# Problem details
The answer must be only the lines below from the one holding "Pendant in the" down to the one holding "合わせて2023年8月12日(土)にKT Zepp Yokohamaで開催されるMyGO!!!!!", ends included, printed exactly; please omit all pictures.

# Material for the task
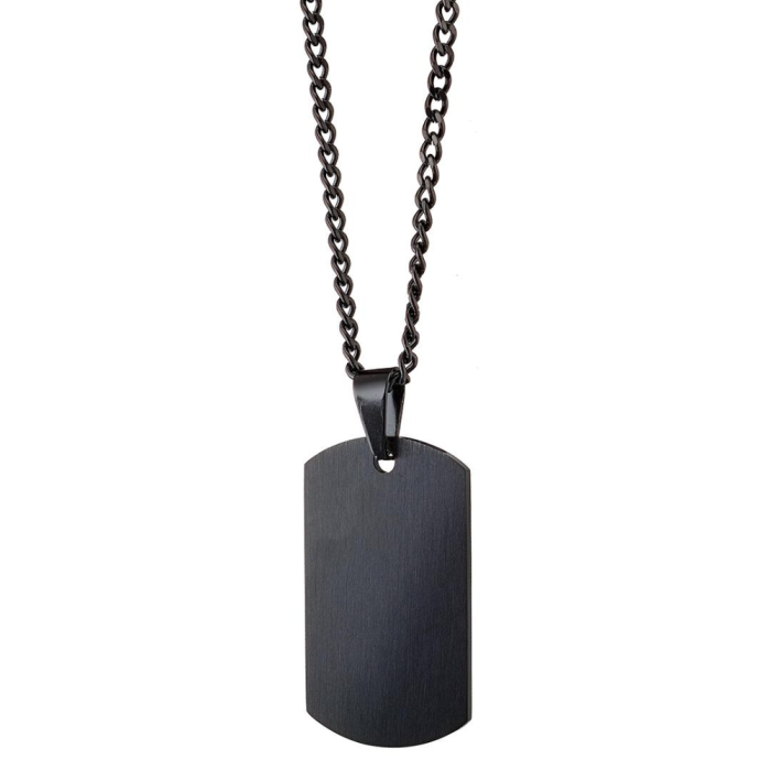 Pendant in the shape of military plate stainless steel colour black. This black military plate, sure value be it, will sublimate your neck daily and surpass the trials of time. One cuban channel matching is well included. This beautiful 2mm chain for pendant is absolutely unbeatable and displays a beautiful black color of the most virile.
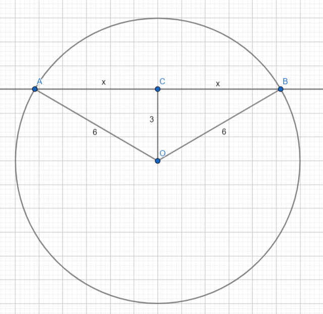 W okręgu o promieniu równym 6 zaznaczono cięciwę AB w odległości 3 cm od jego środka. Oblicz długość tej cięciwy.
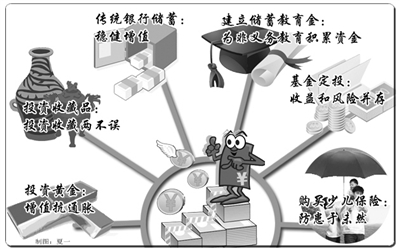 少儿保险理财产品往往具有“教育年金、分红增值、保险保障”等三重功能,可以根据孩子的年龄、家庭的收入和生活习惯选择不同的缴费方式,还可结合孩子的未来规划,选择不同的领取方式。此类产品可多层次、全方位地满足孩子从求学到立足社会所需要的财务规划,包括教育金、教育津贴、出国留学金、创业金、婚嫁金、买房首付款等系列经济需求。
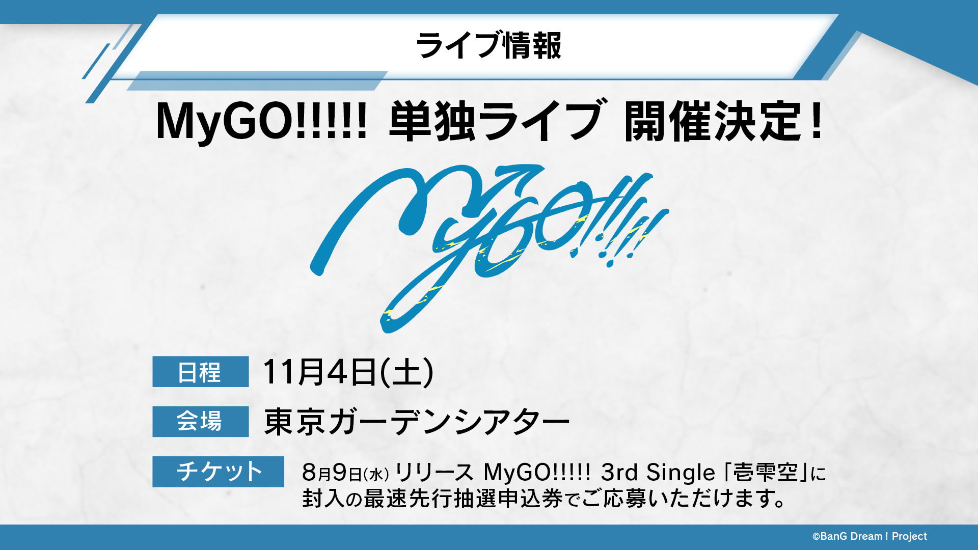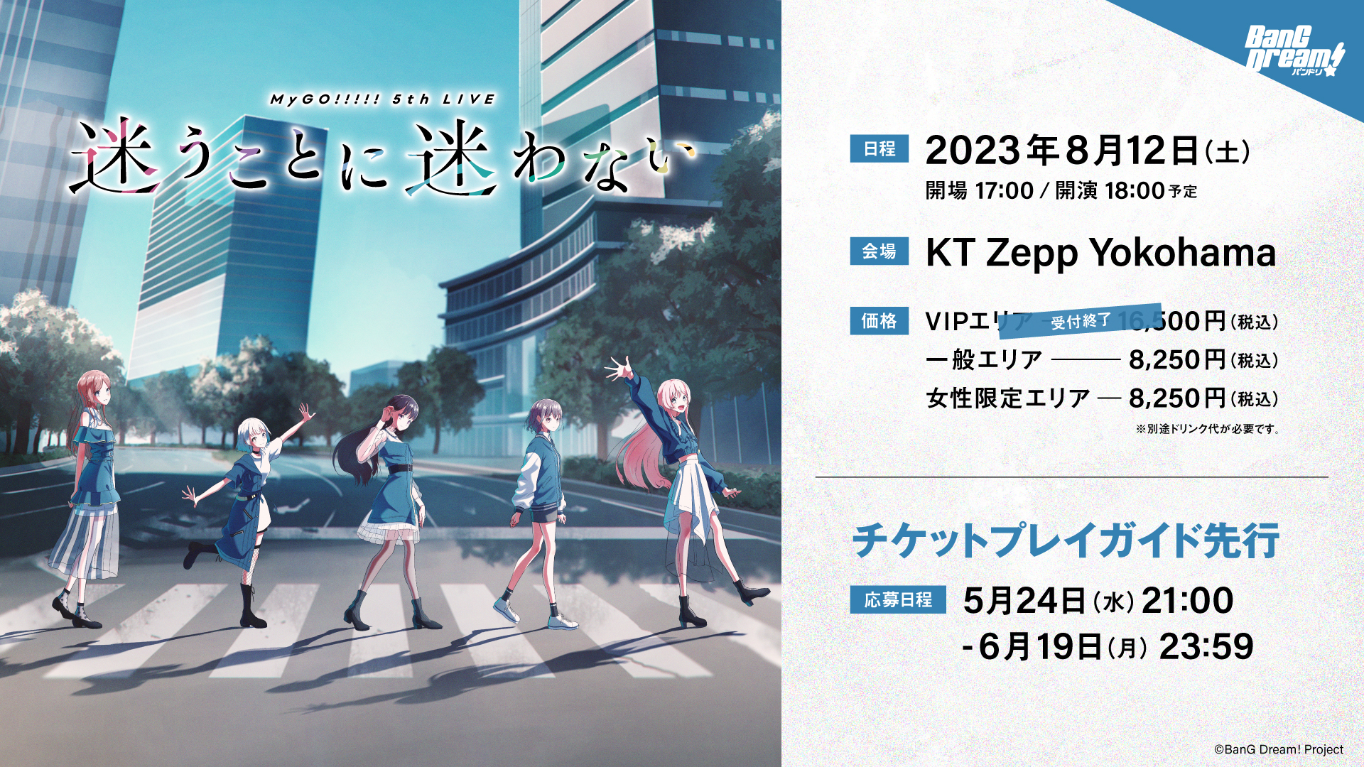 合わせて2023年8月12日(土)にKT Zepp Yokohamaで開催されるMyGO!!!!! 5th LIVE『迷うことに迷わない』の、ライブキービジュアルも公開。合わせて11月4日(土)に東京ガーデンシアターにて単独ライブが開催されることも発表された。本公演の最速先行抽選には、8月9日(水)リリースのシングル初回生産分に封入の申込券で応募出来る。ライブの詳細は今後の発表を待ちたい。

---

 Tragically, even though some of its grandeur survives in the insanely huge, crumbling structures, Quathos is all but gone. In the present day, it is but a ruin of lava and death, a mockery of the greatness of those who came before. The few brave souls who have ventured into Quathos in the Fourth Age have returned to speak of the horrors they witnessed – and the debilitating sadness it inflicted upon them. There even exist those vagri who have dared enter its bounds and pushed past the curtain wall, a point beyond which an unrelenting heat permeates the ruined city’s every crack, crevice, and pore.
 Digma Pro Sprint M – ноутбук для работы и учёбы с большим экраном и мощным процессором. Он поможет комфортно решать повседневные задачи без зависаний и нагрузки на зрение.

...

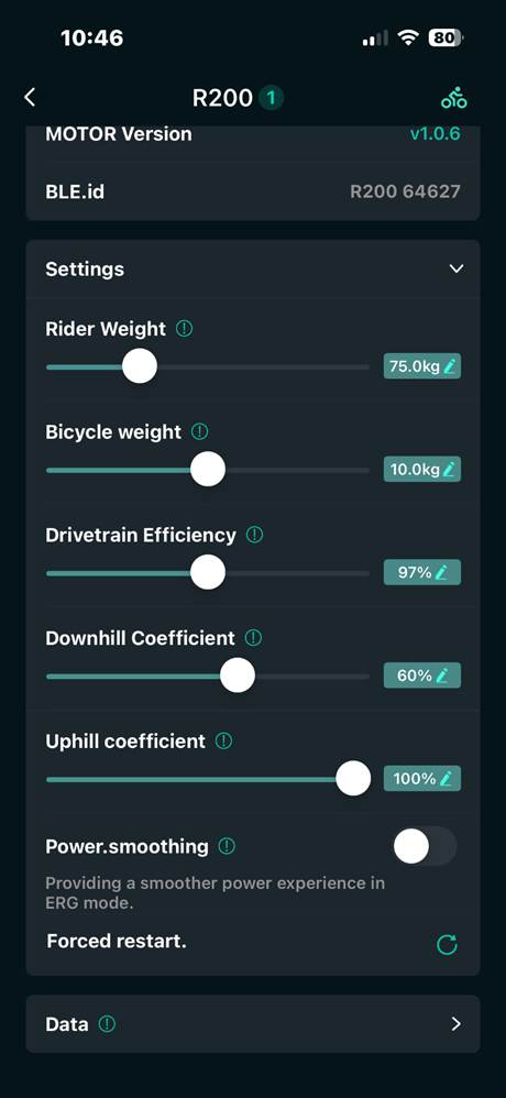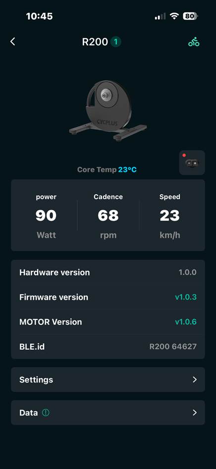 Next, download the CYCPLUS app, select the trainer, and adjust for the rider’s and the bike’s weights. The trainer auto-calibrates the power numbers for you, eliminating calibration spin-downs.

# Response area
 Pendant in the shape of military plate stainless steel colour black. This black military plate, sure value be it, will sublimate your neck daily and surpass the trials of time. One cuban channel matching is well included. This beautiful 2mm chain for pendant is absolutely unbeatable and displays a beautiful black color of the most virile.
 W okręgu o promieniu równym 6 zaznaczono cięciwę AB w odległości 3 cm od jego środka. Oblicz długość tej cięciwy.
 少儿保险理财产品往往具有“教育年金、分红增值、保险保障”等三重功能,可以根据孩子的年龄、家庭的收入和生活习惯选择不同的缴费方式,还可结合孩子的未来规划,选择不同的领取方式。此类产品可多层次、全方位地满足孩子从求学到立足社会所需要的财务规划,包括教育金、教育津贴、出国留学金、创业金、婚嫁金、买房首付款等系列经济需求。
 合わせて2023年8月12日(土)にKT Zepp Yokohamaで開催されるMyGO!!!!! 5th LIVE『迷うことに迷わない』の、ライブキービジュアルも公開。合わせて11月4日(土)に東京ガーデンシアターにて単独ライブが開催されることも発表された。本公演の最速先行抽選には、8月9日(水)リリースのシングル初回生産分に封入の申込券で応募出来る。ライブの詳細は今後の発表を待ちたい。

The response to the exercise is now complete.